Item 9A. Controls and Procedures

 

(a)    Evaluation of disclosure controls and procedures.    The Chief Executive Officer and the Chief Financial Officer have reviewed our disclosure controls and procedures prior to the filing of this annual report. Based on that review, they have concluded that, as of the end of the period covered by this annual report, these disclosure controls and procedures were, in design and operation, effective to assure that the required information has been properly recorded, processed, summarized and reported to those responsible in order that it may be included in this annual report.

 

(b)    Changes in internal control over financial reporting.    There have not been any changes in the Company’s internal control over financial reporting during the quarter ended December 31, 2007 which have materially affected, or are reasonably likely to materially affect, the Company’s internal control over financial reporting.

 

(c)    Management’s Report on Internal Control Over Financial Reporting.    Our management is responsible for establishing and maintaining adequate internal control over financial reporting, as such term is defined in Exchange Act Rules 13a-15(f).
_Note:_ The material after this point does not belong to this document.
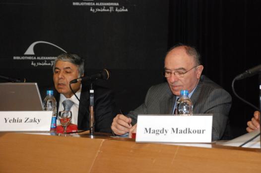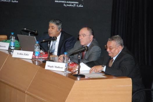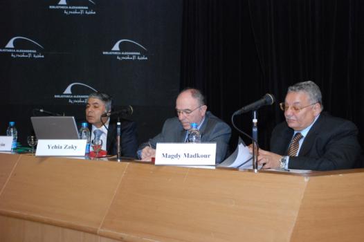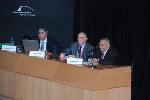 From right: Dr. Magdy Madkour, Dr. Yehia Halim and Dr. Tarek Hussien during the opening session.
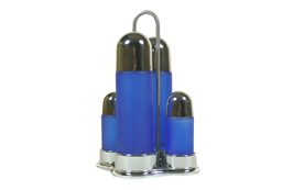 5-teilig (inkl. Ständer), blaues Glas und Kunststoff

Our management conducted an evaluation of the effectiveness of our internal control over financial reporting based on the framework in Internal Control—Integrated Framework issued by the Committee of Sponsoring Organizations of the Treadway Commission. Based on its evaluation under the framework in Internal Control—Integrated Framework, our management concluded that our internal control over financial reporting was effective as of December 31, 2007.

 

The effectiveness of our internal control over financial reporting as of December 31, 2007 has been audited by PricewaterhouseCoopers LLP, an independent registered public accounting firm, as stated in their report which is included elsewhere in this Annual Report on Form 10-K.

 

Item 9B. Other Information

 

None.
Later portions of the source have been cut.